▶ **WHAT TO DO**:
From first line to last, print the records exactly, but leave out the pictures.

EXTRACTED INFORMATION START

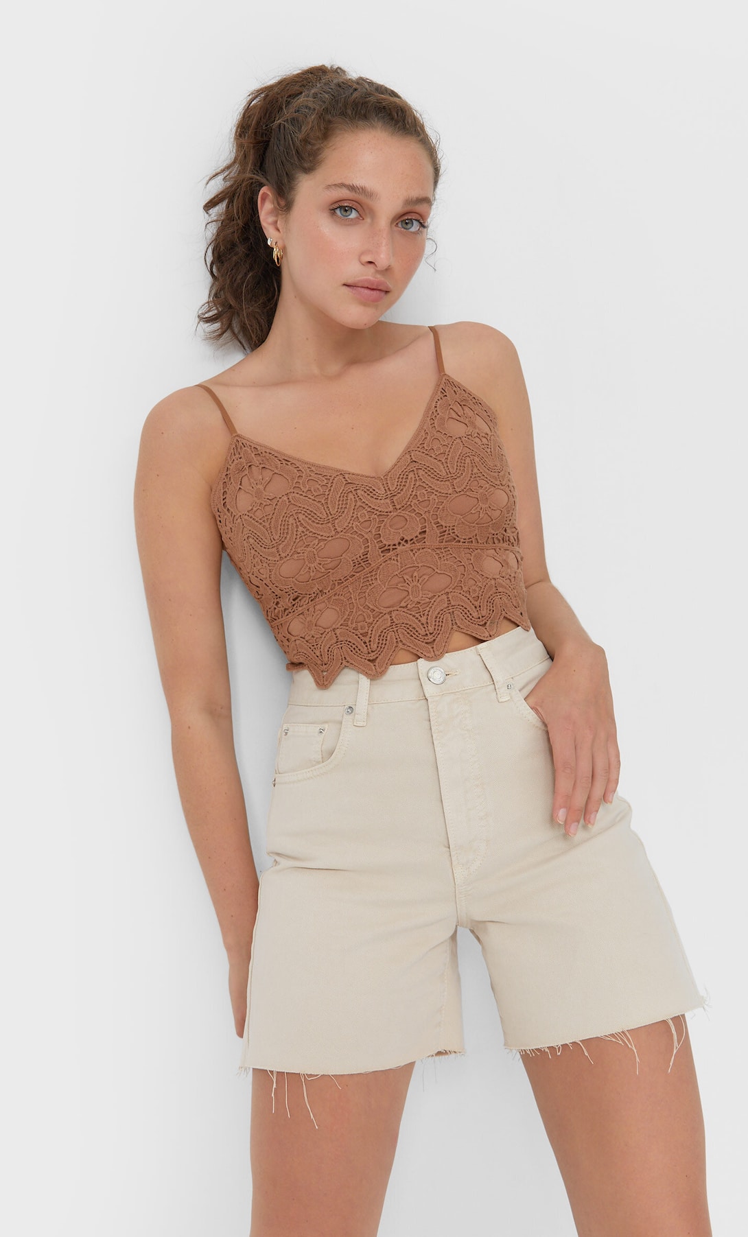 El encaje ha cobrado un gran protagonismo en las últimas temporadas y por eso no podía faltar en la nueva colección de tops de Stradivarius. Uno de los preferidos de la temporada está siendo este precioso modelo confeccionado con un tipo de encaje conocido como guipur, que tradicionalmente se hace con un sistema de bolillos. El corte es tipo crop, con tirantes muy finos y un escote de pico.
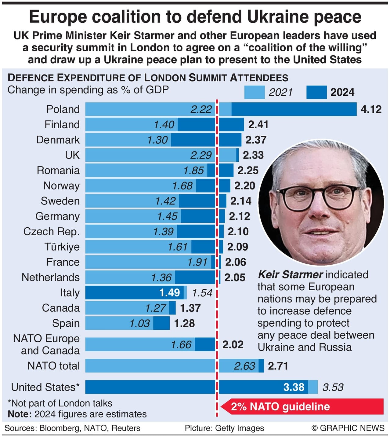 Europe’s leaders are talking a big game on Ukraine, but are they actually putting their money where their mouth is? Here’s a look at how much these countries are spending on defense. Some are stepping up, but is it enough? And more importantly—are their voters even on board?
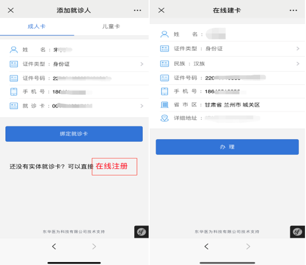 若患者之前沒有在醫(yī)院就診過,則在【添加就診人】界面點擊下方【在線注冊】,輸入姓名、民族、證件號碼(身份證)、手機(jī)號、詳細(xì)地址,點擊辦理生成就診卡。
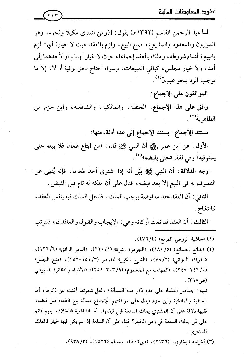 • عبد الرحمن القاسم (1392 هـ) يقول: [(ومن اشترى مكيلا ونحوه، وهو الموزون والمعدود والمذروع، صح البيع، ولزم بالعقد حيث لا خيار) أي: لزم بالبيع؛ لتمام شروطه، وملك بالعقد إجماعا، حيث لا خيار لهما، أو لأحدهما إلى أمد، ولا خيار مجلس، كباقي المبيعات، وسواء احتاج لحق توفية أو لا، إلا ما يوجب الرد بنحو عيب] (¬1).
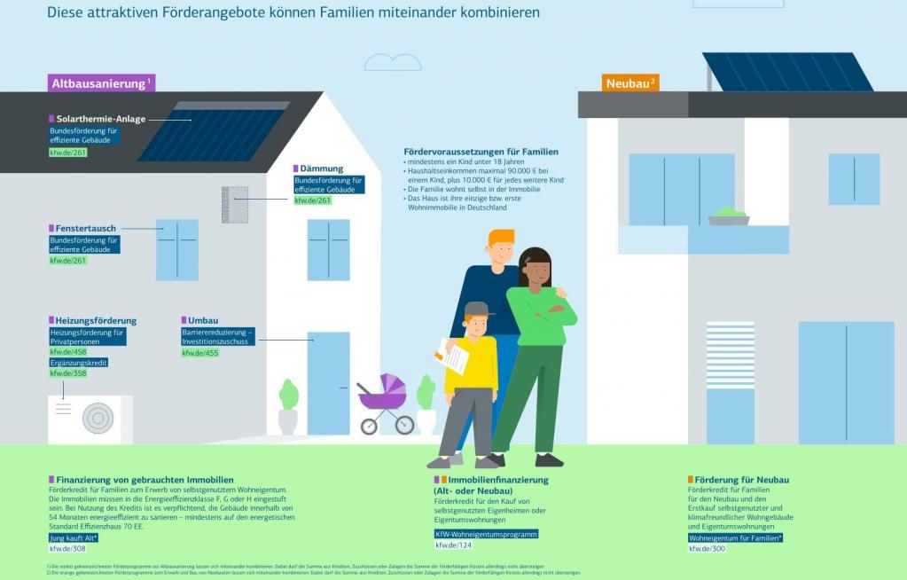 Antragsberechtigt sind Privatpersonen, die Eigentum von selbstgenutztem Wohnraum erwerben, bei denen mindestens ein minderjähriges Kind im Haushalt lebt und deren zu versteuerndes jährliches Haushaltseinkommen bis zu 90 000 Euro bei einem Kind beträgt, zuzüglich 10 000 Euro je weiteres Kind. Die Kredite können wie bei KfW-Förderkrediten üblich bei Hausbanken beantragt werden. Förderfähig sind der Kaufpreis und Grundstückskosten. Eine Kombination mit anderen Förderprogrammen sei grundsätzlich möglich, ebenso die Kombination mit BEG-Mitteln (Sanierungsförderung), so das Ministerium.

EXTRACTED INFORMATION END

▶ **THE COMPLETED TASK**:
 El encaje ha cobrado un gran protagonismo en las últimas temporadas y por eso no podía faltar en la nueva colección de tops de Stradivarius. Uno de los preferidos de la temporada está siendo este precioso modelo confeccionado con un tipo de encaje conocido como guipur, que tradicionalmente se hace con un sistema de bolillos. El corte es tipo crop, con tirantes muy finos y un escote de pico.
 Europe’s leaders are talking a big game on Ukraine, but are they actually putting their money where their mouth is? Here’s a look at how much these countries are spending on defense. Some are stepping up, but is it enough? And more importantly—are their voters even on board?
 若患者之前沒有在醫(yī)院就診過,則在【添加就診人】界面點擊下方【在線注冊】,輸入姓名、民族、證件號碼(身份證)、手機(jī)號、詳細(xì)地址,點擊辦理生成就診卡。
 • عبد الرحمن القاسم (1392 هـ) يقول: [(ومن اشترى مكيلا ونحوه، وهو الموزون والمعدود والمذروع، صح البيع، ولزم بالعقد حيث لا خيار) أي: لزم بالبيع؛ لتمام شروطه، وملك بالعقد إجماعا، حيث لا خيار لهما، أو لأحدهما إلى أمد، ولا خيار مجلس، كباقي المبيعات، وسواء احتاج لحق توفية أو لا، إلا ما يوجب الرد بنحو عيب] (¬1).
 Antragsberechtigt sind Privatpersonen, die Eigentum von selbstgenutztem Wohnraum erwerben, bei denen mindestens ein minderjähriges Kind im Haushalt lebt und deren zu versteuerndes jährliches Haushaltseinkommen bis zu 90 000 Euro bei einem Kind beträgt, zuzüglich 10 000 Euro je weiteres Kind. Die Kredite können wie bei KfW-Förderkrediten üblich bei Hausbanken beantragt werden. Förderfähig sind der Kaufpreis und Grundstückskosten. Eine Kombination mit anderen Förderprogrammen sei grundsätzlich möglich, ebenso die Kombination mit BEG-Mitteln (Sanierungsförderung), so das Ministerium.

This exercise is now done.